With Mad Max Scherzer on the mound and a suddenly resurgent offense, the Diamondbacks were never truly in danger of losing the contest. Indeed, they struck early and often, tagging Virgil Vasquez for at least one run the first four innings, peppering every part of the field with abandon. Scherzer, not to be outdone, went 7 innings and allowed no runs.



After Scherzer mowed down the top of the Pirates’ order, Drew came up and promptly doubled to left. Although he took a large turn, he wisely changed his mind and dropped anchor at second base. Parra was feeling more aggressive, and slapped another double to center, then rolled dice on a triple. He was tagged out without much contest, but it still allowed Drew to score easily, and the Diamondbacks had come lurching out to a first inning lead.

It looked like any lead might be in jeopardy almost immediately, however, when Steve Pearce was able get a single past Scherzer to lead off the top of the second. Luckily, his shipmates weren’t feeling particularly offensive and went down easily with two fly outs to Justin Upton and then a forceout to Drew.  

Just like the top of the inning seemed to be the start trouble, the bottom half couldn’t have started out any worse for the Diamondbacks. After Miguel Montero and Chris Young stuck out to start things off, though, Whitesell mustered up his Jewish Fire and drew a walk. Ryan Roberts, hoping to make his most recent visit to the Majors more permanent, quickly slams the first pitch he sees, a slider that doesn’t get far enough inside. Whitesell scores easily and Roberts has himself a two-out RBI double.

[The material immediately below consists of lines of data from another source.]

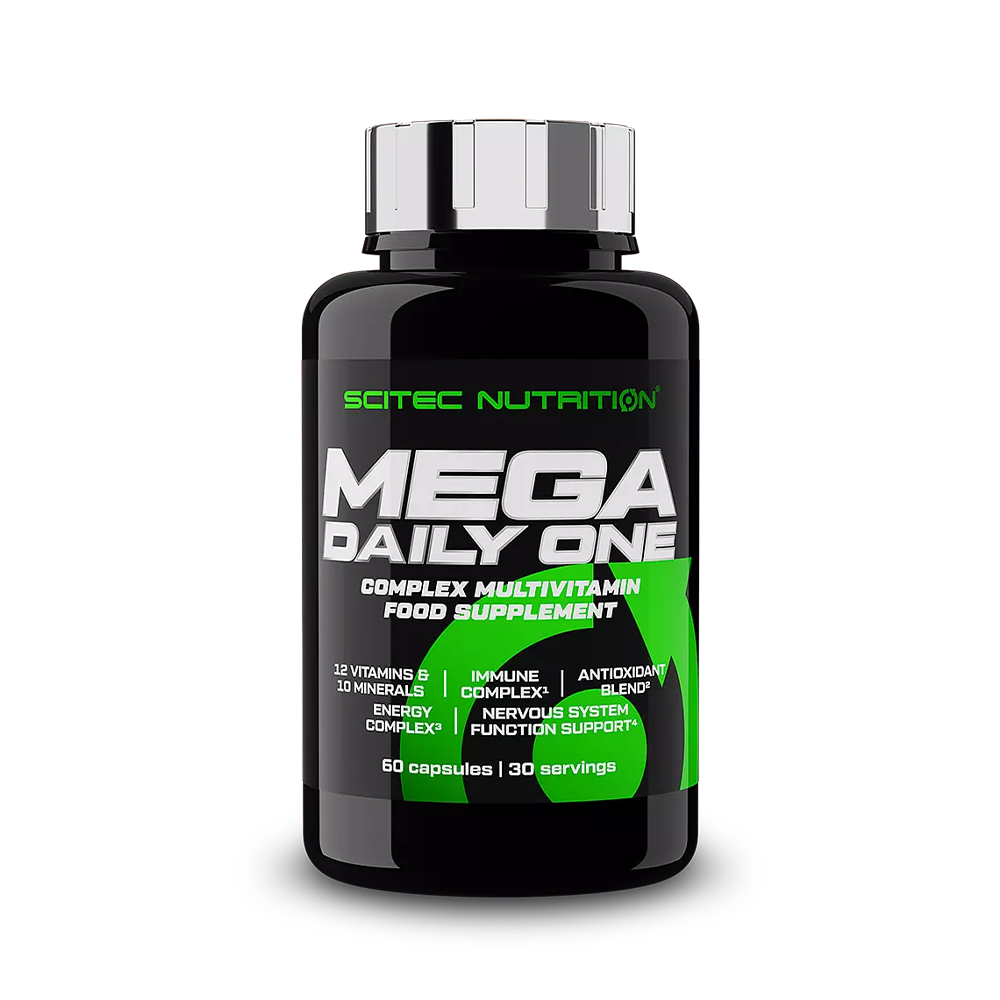 Το Mega Daily One της Scitec Nutrition πρόκειται για πολυβιταμίνη η οποία περιέχει 26 δραστικά συστατικά, περιλαμβάνοντας 12 βιταμίνες και 10 μέταλλα, σχεδιασμένο για την υποστήριξη του ανοσοποιητικού συστήματος, την ενίσχυση της ενέργειας και τη στήριξη της λειτουργίας του νευρικού συστήματος. Η σύνθεση του προϊόντος επισημαίνει την πολυλειτουργικότητα του, προσφέροντας αντιοξειδωτική προστασία και υποστηρίζοντας τη φυσιολογική λειτουργία βασικών σωματικών διαδικασιών. Συστήνεται για άνδρες και γυναίκες που επιθυμούν να συμπληρώσουν τη διατροφή τους με βιταμίνες και μέταλλα, προάγοντας τη συνολική υγεία και ευημερία.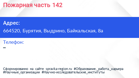 Пожарная часть №142 по адресу 664520, Бурятия, Выдрино, Байкальская, 8а в дальнейшем Организация, размещена в следующих категориях: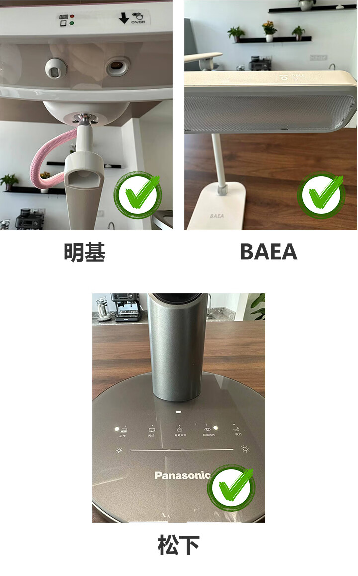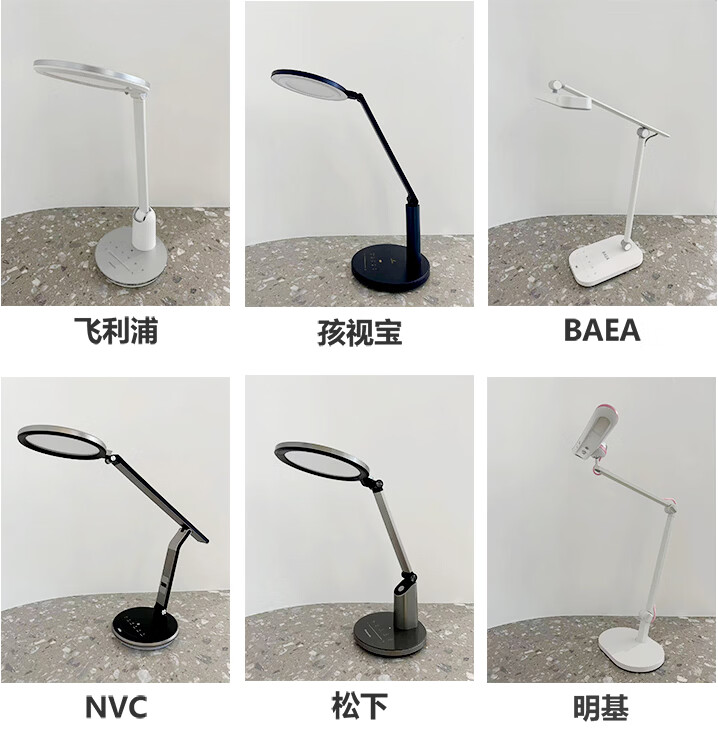 从做工细节来看,飞利浦,BAEA,松下,明基的细节做的不错,灯杆和灯罩均有喷漆,手感细腻。明基的底座采用沉甸甸的生铁,稳定性不错。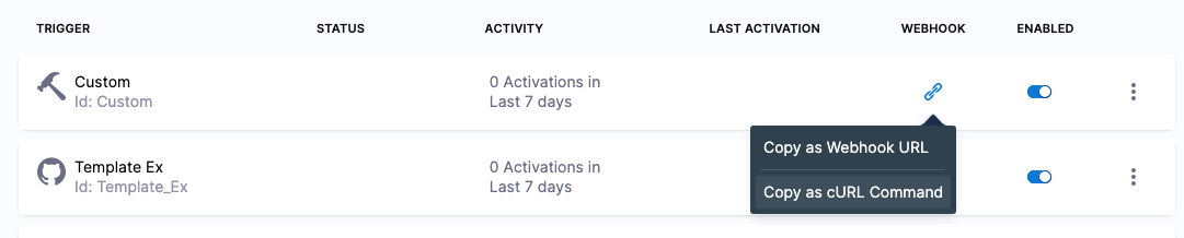 - On the Triggers page, in the Webhook column, select the link icon for your trigger and then select Copy as cURL Command.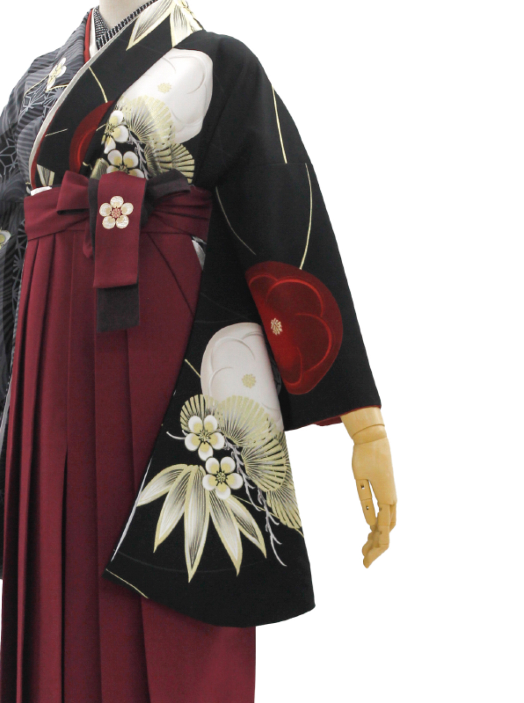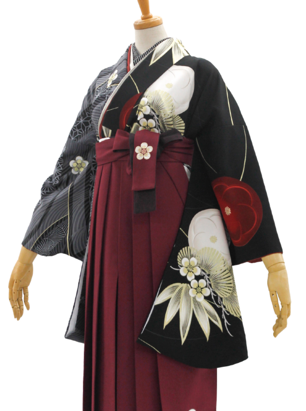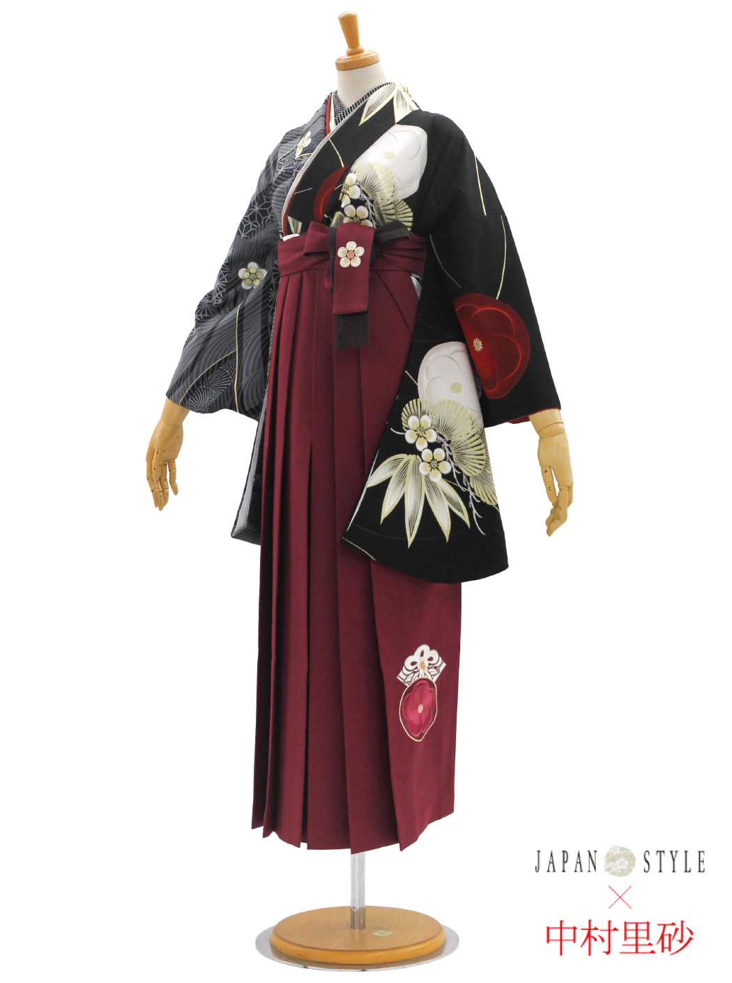 梅丸紋(肩身替り)/黒【JAPAN STYLE×中村里砂】(袴:梅丸紋刺繍/エンジ)

Remarkably enough, all of the runs from the point on would be scored in a similar fashion: with two outs. It wasn’t that long ago that it seemed the Boys in Red would rather be doing anything else than bat with two outs, but whatever they’ve been doing recently to get the offense going one can only hope they continue.

To the bottom of the third, after another quick and painless inning for Mad Max, where the Diamondbacks dig themselves another two out hole. The Doubles Parade continues, with Upton getting himself one, setting up Vasquez with a date with the Sheriff. All it took was two pitches and Reynolds launched his 26th home run of the season deep to left-center, almost to Fatburger. Suddenly the Diamondbacks found themselves in a comfortable situation, up 4-0 going into the fourth inning.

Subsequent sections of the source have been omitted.